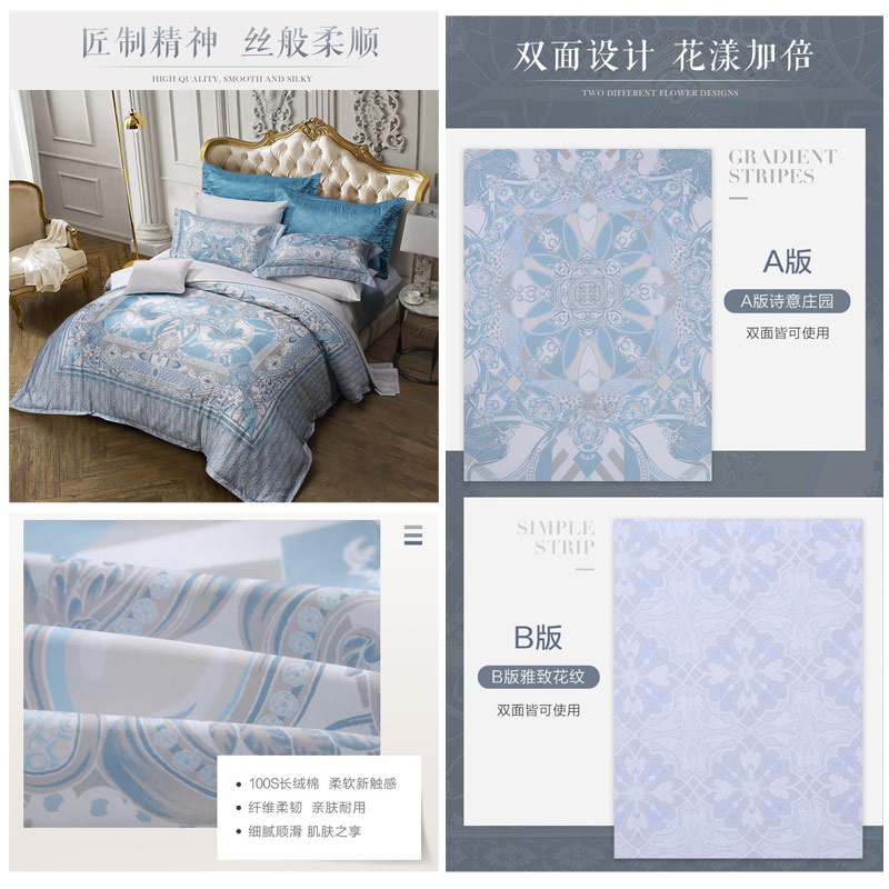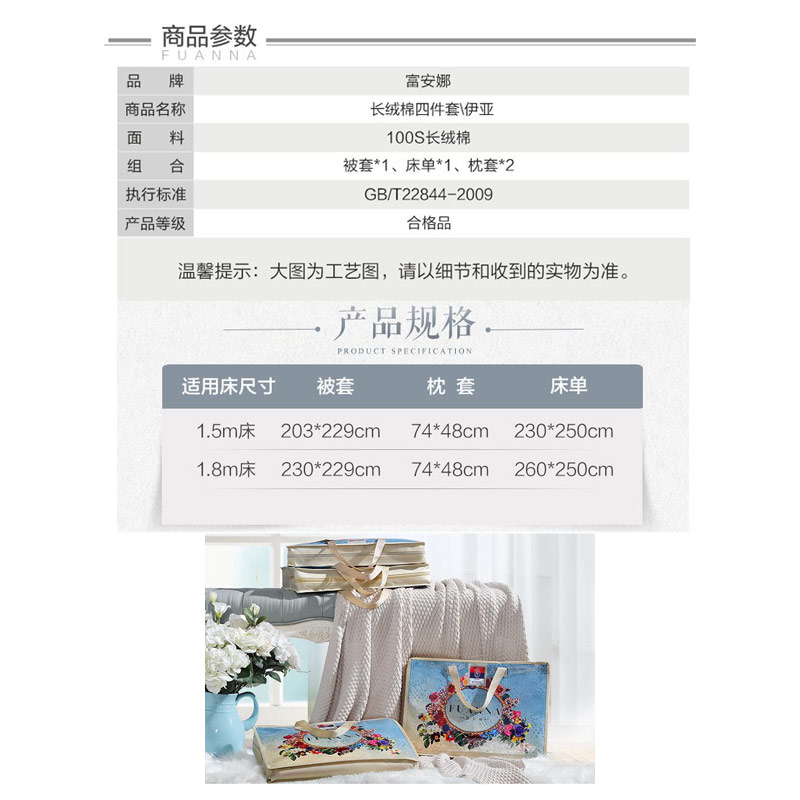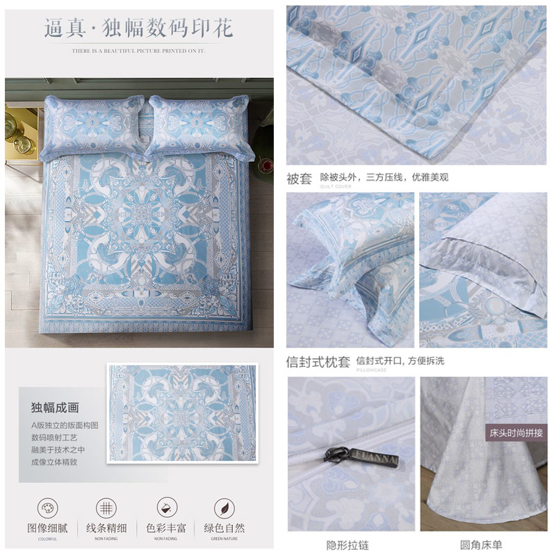 伊亚 床单四件套(被套1件床单1件枕套2件)(适合1.5米床)【100支长绒棉/蓝】 |
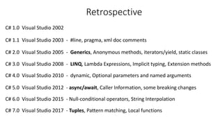 The document summarizes new features that have been added to C# programming language over different versions of Visual Studio. It discusses features such as generics, lambda expressions, LINQ, tuples, pattern matching, exception filters, auto-property initializers, expression-bodied members and more. It also provides code examples to illustrate some of these features like tuples, deconstruction, pattern matching with case statements, async Main method and others.
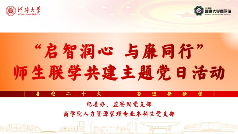 9月21日,纪委办、监察处党支部与人力资源管理专业本科生党支部围绕“启智润心,与廉同行”主题开展了师生联学共建活动。本次活动由纪委办、监察处党支部尹虔颀书记主持,商学院党委副书记戴媛媛、纪委办、监察处党支部和人力资源管理专业本科生党支部党员参加。
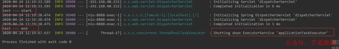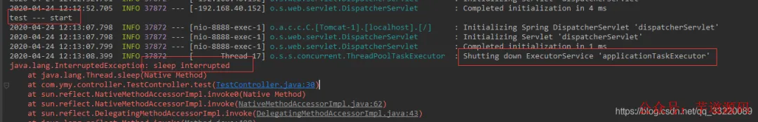 test — end被执行了,不过在停止线程池的时候还是调用了线程的interrupt方法,导致sleep报错,这三种方式都可以比较优雅的停止springboot服务,如果我项目中存在线程休眠,我希望10秒以后再停止服务可以吗?肯定是可以的,我们只需要稍微做点修改就可以了。
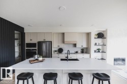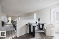 Welcome to the Entertain Vista 24 by Cantiro Homes! With 3 bedrooms and 2.5 bathrooms, this gorgeous home balances style & functionality. The main floor offers a bright foyer, a dining area open to above, and patio doors that extend your living space to the covered rear deck. A walkthrough pantry leads to a large kitchen with upgraded built in chefs appliance package, flowing seamlessly into the living room with oversized windows and a modern electric tile fireplace. Vertical metal railing adds a clean, contemporary touch throughout the main and upper floors. Upstairs, two open-to-below areas create an airy, light-filled atmosphere. A central bonus room and corner tech space provide flexible options for an office and play area. The primary bedroom includes a spacious ensuite with double vanities and a built-in makeup desk, leading into an expansive walk-in closet and conveniently connected laundry room. *photos are for representation only. Colours and finishing may vary*
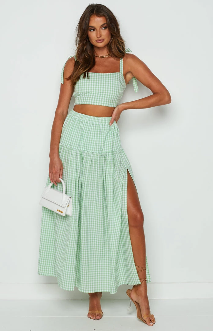 - Looking for the perfect set this summer? We’ve got you covered girl! Style this flowy maxi skirt with the matching Cosmos Top Green Gingham for a cute two piece set you can wear to your next winery or look super cute for an upcoming day-time wedding!
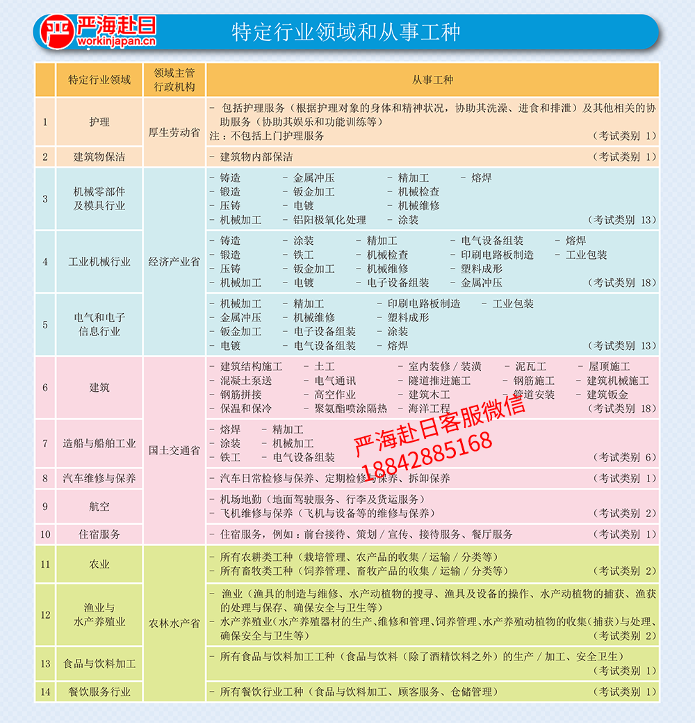 日本“特定技能”簽證有14大工種,詳細包括:
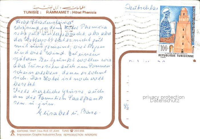 alte Postkarte Hammamet Hotel Phenicia postalisch gelaufen Erhaltung siehe scans
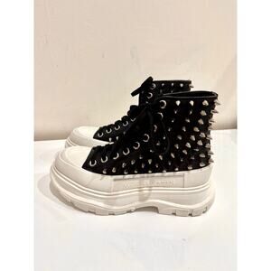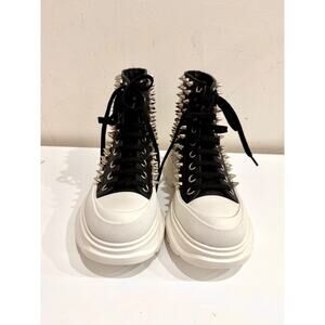 With a lace-up front, chunky platform tread, and signature McQueen detailing, they merge luxury craftsmanship with bold urban style, perfect for elevating casual and streetwear looks.
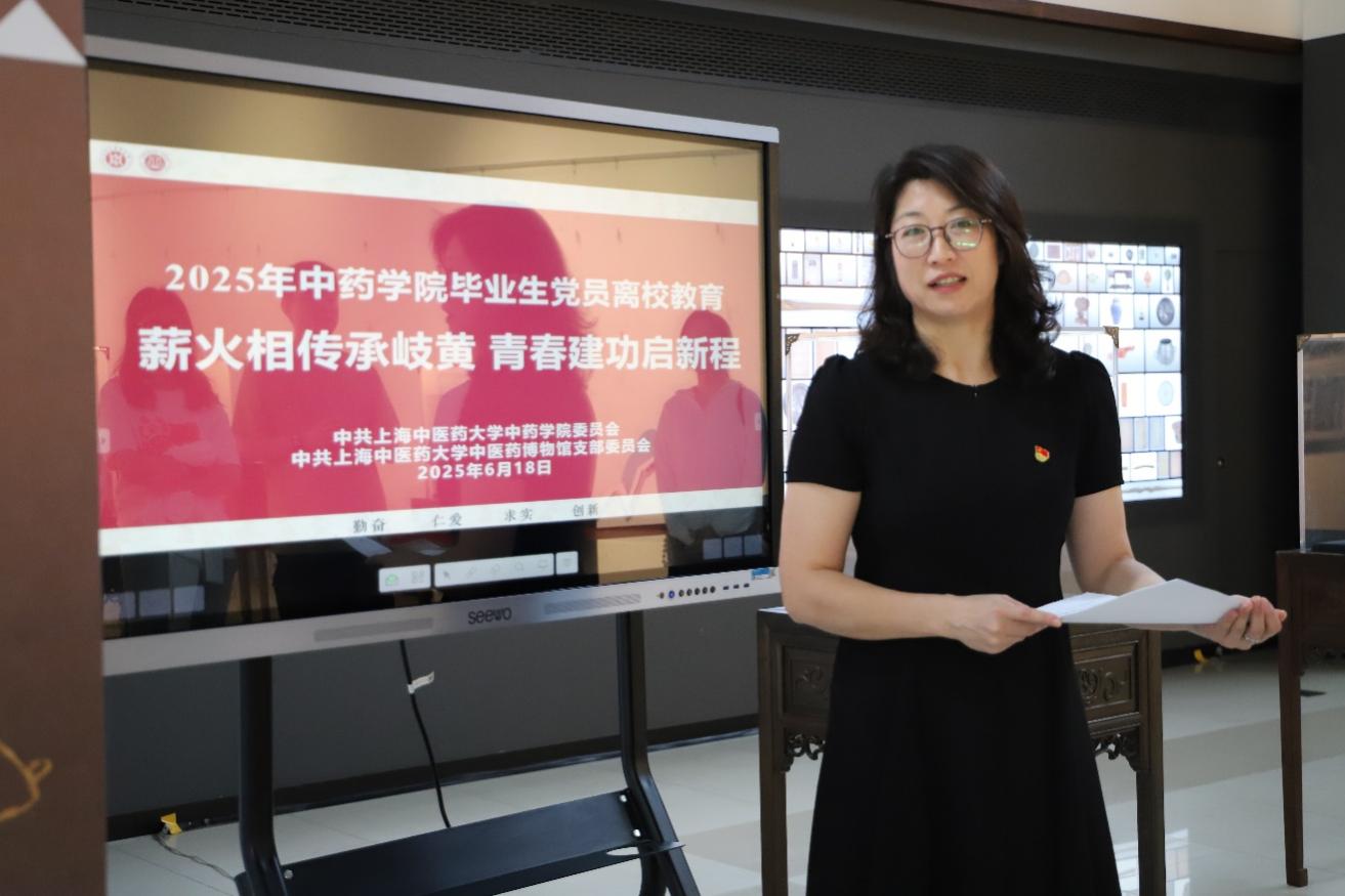 为深入贯彻中央八项规定精神学习教育,强化毕业生党员作风建设和党性锤炼,激励其永葆初心使命,在新的征程上持续发挥党员先锋模范作用,6月18日,韩国h漫 党委在上海中医药博物馆开展“2025届毕业生党员离校教育”活动。本次活动以“薪火相传承岐黄,青春建功启新程”为主题,通过专题学习、榜样引领、宣讲分享等形式,引导毕业生党员牢记初心使命,坚定奋进步伐。韩国h漫 党委书记车荣华、上海中医药博物馆党支部副书记郭峰以及全体毕业生党员出席本次会议。
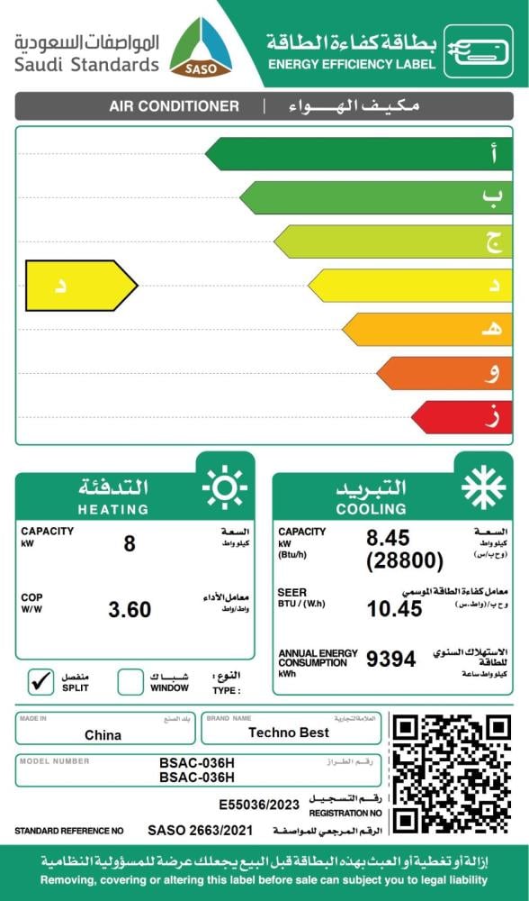 - استهلاك الطاقة السنوي: 9394 كيلو واط في الساعة
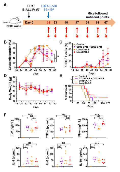 最后,研究人员评估了CAR-T细胞治疗对临床相关的B-ALL PDX模型的疗效。结果展示,尽管使用环状CAR或单靶点CAR联合治疗的小鼠均无法完全根除原代B-ALL细胞,但与其他CAR-T细胞疗法相比,LoopCAR-1治疗组在后期仍具有较强的抗白血病活性、更高的总存活率和更多的Th1细胞因子的产生。此外,复发后白血病细胞保持了CD19和CD22的表达,排除了CAR应激介导的抗原丢失。这些结果表明,LoopCAR-1对B-ALL PDX模型具有稳定的治疗效果,揭示其是一种很有前途的临床治疗候选药物。
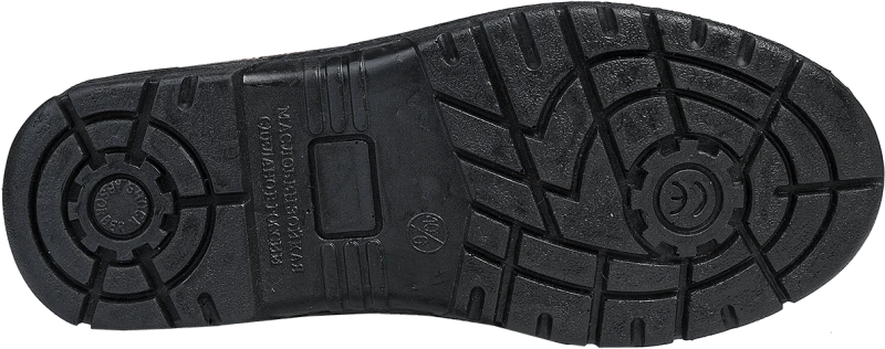-Подошва: однослойный полиуретан (ПУ), морозостойкая (до -35 °С), термостойкая (до +85°С), имеет МБС и КЩС свойства.
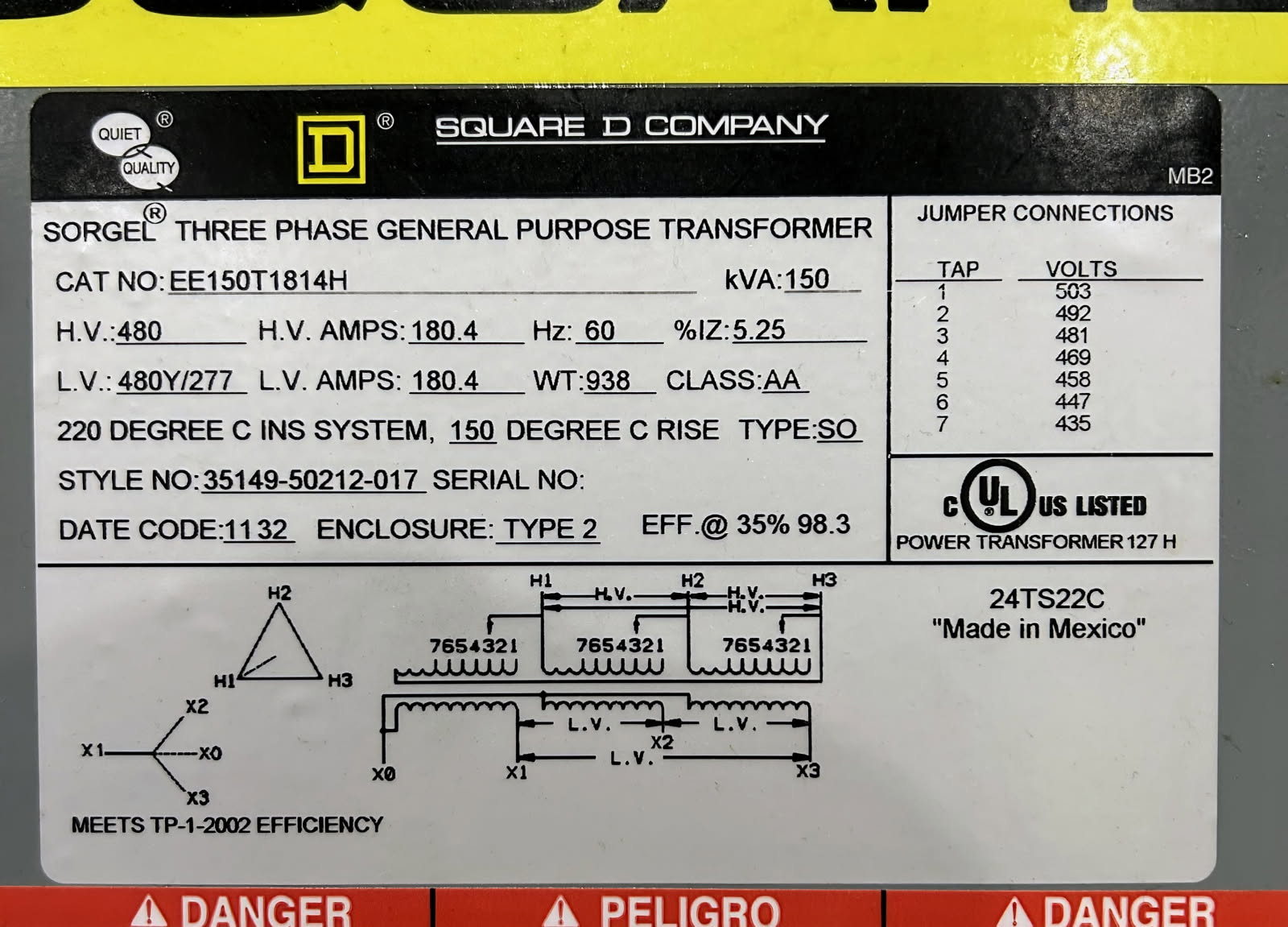 SQUARE D 150KVA TRANSFORMER HV:480 LV:480Y/27 EQUIPPED WITH:
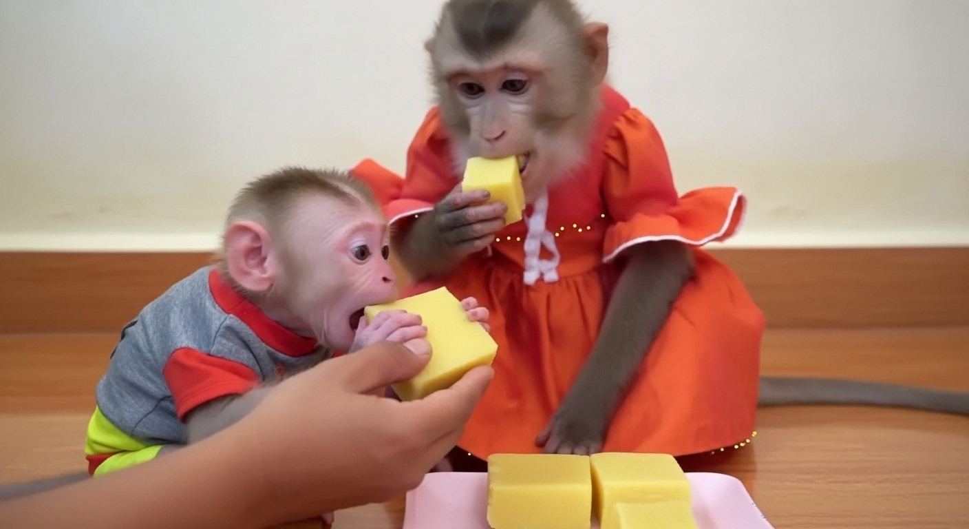 And as they rested together, crumbs around their mouths and fruit stains on their fur, they looked less like desperate little creatures and more like what they truly were—babies learning, one meal at a time, that food will come, and they don’t always have to rush. 🐒💛
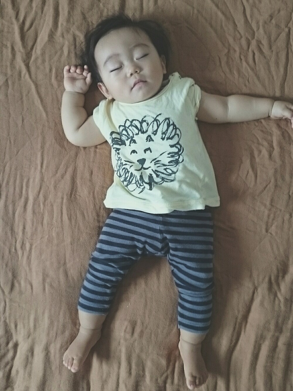 イエロー系のトップスを着用したキッズの秋コーディネートの1枚目の写真
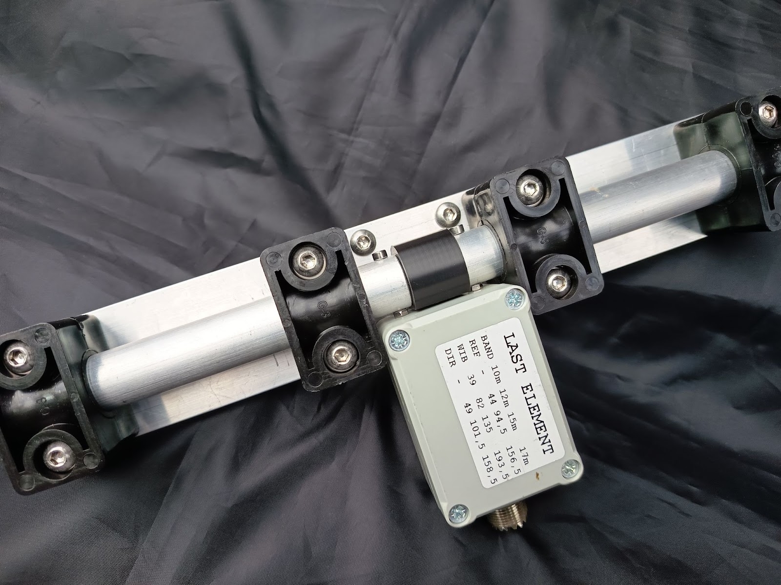 Elementy anteny wykonano z rurek aluminiowych 20 x 1,5, 16 x 1,5 i 12 x 1, zgodnie z oryginalnymi zaleceniami autora projektu. Tak dobrane średnice zapewniają, że rurki swobodnie wsuwają się jedna w drugą, lecz nie pozostaje pomiędzy nimi nadmierny luz. Na końcach rurek wykonano podłużna nacięcia umożliwiające ich zaciskanie. Jako zacisków użyto obejm GBS. Istotne jest, by zastosować obejmy nierdzewne, gdyż te wydają się być znacznie trwalsze. Do łbów śrub zaciskowych w obejmach przyspawano na sztorc nakrętki. Jest to tani i szybki, acz nieortodoksyjny, sposób zapewnienia beznarzędziowego montażu. Rurki o średnicy 16mm wpuszczone są w rurki o średnicy 20 mm na długość 20 cm. Długość wystającej części rurek 12mm jest regulowana i zależy od pasma, na którym antena ma pracować.

______

YOUR TASK:
All the data above is to be transcribed exactly, with no pictures included.

EXERCISE OUTPUT:
 伊亚 床单四件套(被套1件床单1件枕套2件)(适合1.5米床)【100支长绒棉/蓝】 |
 The document summarizes new features that have been added to C# programming language over different versions of Visual Studio. It discusses features such as generics, lambda expressions, LINQ, tuples, pattern matching, exception filters, auto-property initializers, expression-bodied members and more. It also provides code examples to illustrate some of these features like tuples, deconstruction, pattern matching with case statements, async Main method and others.
 9月21日,纪委办、监察处党支部与人力资源管理专业本科生党支部围绕“启智润心,与廉同行”主题开展了师生联学共建活动。本次活动由纪委办、监察处党支部尹虔颀书记主持,商学院党委副书记戴媛媛、纪委办、监察处党支部和人力资源管理专业本科生党支部党员参加。
 test — end被执行了,不过在停止线程池的时候还是调用了线程的interrupt方法,导致sleep报错,这三种方式都可以比较优雅的停止springboot服务,如果我项目中存在线程休眠,我希望10秒以后再停止服务可以吗?肯定是可以的,我们只需要稍微做点修改就可以了。
 Welcome to the Entertain Vista 24 by Cantiro Homes! With 3 bedrooms and 2.5 bathrooms, this gorgeous home balances style & functionality. The main floor offers a bright foyer, a dining area open to above, and patio doors that extend your living space to the covered rear deck. A walkthrough pantry leads to a large kitchen with upgraded built in chefs appliance package, flowing seamlessly into the living room with oversized windows and a modern electric tile fireplace. Vertical metal railing adds a clean, contemporary touch throughout the main and upper floors. Upstairs, two open-to-below areas create an airy, light-filled atmosphere. A central bonus room and corner tech space provide flexible options for an office and play area. The primary bedroom includes a spacious ensuite with double vanities and a built-in makeup desk, leading into an expansive walk-in closet and conveniently connected laundry room. *photos are for representation only. Colours and finishing may vary*
 - Looking for the perfect set this summer? We’ve got you covered girl! Style this flowy maxi skirt with the matching Cosmos Top Green Gingham for a cute two piece set you can wear to your next winery or look super cute for an upcoming day-time wedding!
 日本“特定技能”簽證有14大工種,詳細包括:
 alte Postkarte Hammamet Hotel Phenicia postalisch gelaufen Erhaltung siehe scans
 With a lace-up front, chunky platform tread, and signature McQueen detailing, they merge luxury craftsmanship with bold urban style, perfect for elevating casual and streetwear looks.
 为深入贯彻中央八项规定精神学习教育,强化毕业生党员作风建设和党性锤炼,激励其永葆初心使命,在新的征程上持续发挥党员先锋模范作用,6月18日,韩国h漫 党委在上海中医药博物馆开展“2025届毕业生党员离校教育”活动。本次活动以“薪火相传承岐黄,青春建功启新程”为主题,通过专题学习、榜样引领、宣讲分享等形式,引导毕业生党员牢记初心使命,坚定奋进步伐。韩国h漫 党委书记车荣华、上海中医药博物馆党支部副书记郭峰以及全体毕业生党员出席本次会议。
 - استهلاك الطاقة السنوي: 9394 كيلو واط في الساعة
 最后,研究人员评估了CAR-T细胞治疗对临床相关的B-ALL PDX模型的疗效。结果展示,尽管使用环状CAR或单靶点CAR联合治疗的小鼠均无法完全根除原代B-ALL细胞,但与其他CAR-T细胞疗法相比,LoopCAR-1治疗组在后期仍具有较强的抗白血病活性、更高的总存活率和更多的Th1细胞因子的产生。此外,复发后白血病细胞保持了CD19和CD22的表达,排除了CAR应激介导的抗原丢失。这些结果表明,LoopCAR-1对B-ALL PDX模型具有稳定的治疗效果,揭示其是一种很有前途的临床治疗候选药物。
-Подошва: однослойный полиуретан (ПУ), морозостойкая (до -35 °С), термостойкая (до +85°С), имеет МБС и КЩС свойства.
 SQUARE D 150KVA TRANSFORMER HV:480 LV:480Y/27 EQUIPPED WITH:
 And as they rested together, crumbs around their mouths and fruit stains on their fur, they looked less like desperate little creatures and more like what they truly were—babies learning, one meal at a time, that food will come, and they don’t always have to rush. 🐒💛
 イエロー系のトップスを着用したキッズの秋コーディネートの1枚目の写真
 Elementy anteny wykonano z rurek aluminiowych 20 x 1,5, 16 x 1,5 i 12 x 1, zgodnie z oryginalnymi zaleceniami autora projektu. Tak dobrane średnice zapewniają, że rurki swobodnie wsuwają się jedna w drugą, lecz nie pozostaje pomiędzy nimi nadmierny luz. Na końcach rurek wykonano podłużna nacięcia umożliwiające ich zaciskanie. Jako zacisków użyto obejm GBS. Istotne jest, by zastosować obejmy nierdzewne, gdyż te wydają się być znacznie trwalsze. Do łbów śrub zaciskowych w obejmach przyspawano na sztorc nakrętki. Jest to tani i szybki, acz nieortodoksyjny, sposób zapewnienia beznarzędziowego montażu. Rurki o średnicy 16mm wpuszczone są w rurki o średnicy 20 mm na długość 20 cm. Długość wystającej części rurek 12mm jest regulowana i zależy od pasma, na którym antena ma pracować.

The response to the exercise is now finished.